Synopsis

In this work a method of the reconstruction of magnetic resonance images in the presence of non-rigid motion is presented. A non-rigid deformation model is introduced in the reconstruction problem in order to obtain 1) a motion-free image and 2) a set of non-rigid transformations that describe the motion of the structures being imaged. The method is able to reconstruct the motion information without reconstructing the images in additional motion states avoiding extra computational costs and resulting in a better posed reconstruction problem. Preliminary results for 2D cardiac cine MRI are shown.

Introduction

The presence of motion during MRI examinations is a major source of artifacts and image degradation specially in modalities that require a long acquisition time or when imaging moving organs. Previously proposed approaches to correct motion involve to retrospectively bin the k-space data acquired in different motion states and to reconstruct the corresponding images [1]. Motion can then be estimated with certain image registration method and, once the deformation is known, a motion corrected reconstruction can be performed [2, 3]. The reconstruction of additional motion states involves high computational costs and, in undersampled acquisitions, higher net acceleration factors making their reconstruction more difficult. Moreover, the size of solution space of the reconstruction problem gets multiplied by the number of motion states considered, resulting in a worse posed problem.

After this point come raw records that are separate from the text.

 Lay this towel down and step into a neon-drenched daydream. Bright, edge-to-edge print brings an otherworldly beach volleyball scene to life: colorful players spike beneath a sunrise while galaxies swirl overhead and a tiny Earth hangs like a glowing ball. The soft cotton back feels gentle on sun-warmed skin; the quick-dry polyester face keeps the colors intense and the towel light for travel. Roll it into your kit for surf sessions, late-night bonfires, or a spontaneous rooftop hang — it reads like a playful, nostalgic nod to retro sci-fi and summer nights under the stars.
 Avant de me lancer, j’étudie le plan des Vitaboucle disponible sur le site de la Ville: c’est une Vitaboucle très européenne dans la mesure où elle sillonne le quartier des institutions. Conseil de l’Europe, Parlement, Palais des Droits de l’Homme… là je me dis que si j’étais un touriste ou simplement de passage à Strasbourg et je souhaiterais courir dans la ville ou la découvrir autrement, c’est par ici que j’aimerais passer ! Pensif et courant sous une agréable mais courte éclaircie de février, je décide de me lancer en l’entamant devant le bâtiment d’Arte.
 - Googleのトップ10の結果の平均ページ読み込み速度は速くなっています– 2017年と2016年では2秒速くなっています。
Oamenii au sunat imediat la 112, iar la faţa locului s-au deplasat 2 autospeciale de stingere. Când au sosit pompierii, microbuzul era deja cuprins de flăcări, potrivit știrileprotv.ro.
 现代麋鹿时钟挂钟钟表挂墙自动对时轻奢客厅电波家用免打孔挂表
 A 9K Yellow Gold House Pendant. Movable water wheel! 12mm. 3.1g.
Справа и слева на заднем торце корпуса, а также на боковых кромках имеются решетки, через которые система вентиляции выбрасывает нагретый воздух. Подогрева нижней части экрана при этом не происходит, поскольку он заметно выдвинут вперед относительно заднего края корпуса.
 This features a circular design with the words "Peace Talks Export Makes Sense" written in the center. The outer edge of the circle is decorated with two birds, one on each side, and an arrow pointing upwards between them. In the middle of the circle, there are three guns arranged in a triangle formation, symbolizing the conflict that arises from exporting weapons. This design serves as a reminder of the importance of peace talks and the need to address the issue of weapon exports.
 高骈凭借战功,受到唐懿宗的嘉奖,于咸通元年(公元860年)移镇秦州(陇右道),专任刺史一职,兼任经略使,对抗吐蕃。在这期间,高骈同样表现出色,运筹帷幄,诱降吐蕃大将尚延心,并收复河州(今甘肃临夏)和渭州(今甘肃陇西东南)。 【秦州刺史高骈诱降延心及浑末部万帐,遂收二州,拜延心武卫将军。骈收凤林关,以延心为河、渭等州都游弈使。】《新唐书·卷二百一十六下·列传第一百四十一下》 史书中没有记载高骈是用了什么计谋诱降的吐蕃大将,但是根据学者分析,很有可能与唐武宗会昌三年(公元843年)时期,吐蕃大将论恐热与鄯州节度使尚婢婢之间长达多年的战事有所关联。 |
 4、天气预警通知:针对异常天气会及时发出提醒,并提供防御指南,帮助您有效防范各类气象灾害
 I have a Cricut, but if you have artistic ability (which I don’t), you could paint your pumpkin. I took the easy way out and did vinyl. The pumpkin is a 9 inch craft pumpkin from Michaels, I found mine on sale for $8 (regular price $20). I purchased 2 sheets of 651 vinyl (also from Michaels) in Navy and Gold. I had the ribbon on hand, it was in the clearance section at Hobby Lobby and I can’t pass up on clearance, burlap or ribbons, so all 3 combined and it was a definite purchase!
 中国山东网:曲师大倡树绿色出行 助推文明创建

In this work, we present a method for the direct reconstruction of a motion-free image plus a set of spatial transformations without the need of additional images. The method departs from the basic assumption that the motion can be described with fewer parameters than the deformed images themselves, resulting in a better posed reconstruction problem. It is a generalization of the method proposed in [4], where only rigid motion is considered.

Preliminary results for 2D, breath-hold cardiac cine MRI are shown, where instead of reconstructing an image for each cardiac phase, a single image is obtained plus a set of deformations describing the motion of the heart.

Theory and Methods

A. Method formulation

The SENSE reconstruction reconstruction problem can be generalized in the presence on non-rigid deformations and formulated as:

$$(\hat{\mathbf{m}}, \hat{\mathbf{\Theta}}) = \arg\min_{\mathbf{m},\mathbf{\Theta}} \|A\mathcal{F} \mathbf{S} \mathbf{T}_ {\Theta} \mathbf{m} - \mathbf{y} \|_2^2$$

where $$$\mathbf{y}$$$ denotes the acquired k-space data, $$$\mathbf{m}$$$ the motion-free image to be reconstructed, $$$\mathbf{S}$$$ the coils sensitivities, $$$\mathbf{T}$$$ the non-rigid transformation matrix governed by the set of parameters $$$\Theta$$$, $$$\mathcal{F}$$$ the discrete Fourier transform and $$$\mathbf{A}$$$ the sampling matrix.

The joint problem can be addressed by iterative solving two subproblems:

1) Image reconstruction:

Considering the deformation $$$\mathbf{T}_{\Theta}$$$ known, we solve

$$\hat{\mathbf{m}} = \arg\min_{\mathbf{m}} \|\mathbf{A}\mathcal{F} \mathbf{S} \mathbf{T}_ {\Theta} \mathbf{m} - \mathbf{y} \|_2^2$$

The problem is equivalent to the one formulated in [2], where the operator $$$\mathbf{G} = \mathbf{A}\mathcal{F} \mathbf{S} \mathbf{T}_ {\Theta}$$$ is defined, and can be solved by means of the conjugate gradient algorithm applied to the system of linear equations given by

$$\mathbf{G}^{H}\mathbf{G} \mathbf{m} = \mathbf{G}^{H} \mathbf{y}$$

2) Motion compensation:

Considering the image $\mathbf{m}$ to be known, the deformation fields are updated by solving

$$\hat{\mathbf{\Theta}} = \arg\min_{\mathbf{\Theta}} \|A\mathcal{F} \mathbf{S} \mathbf{T}_ {\Theta} \mathbf{m} - \mathbf{y} \|_2^2$$.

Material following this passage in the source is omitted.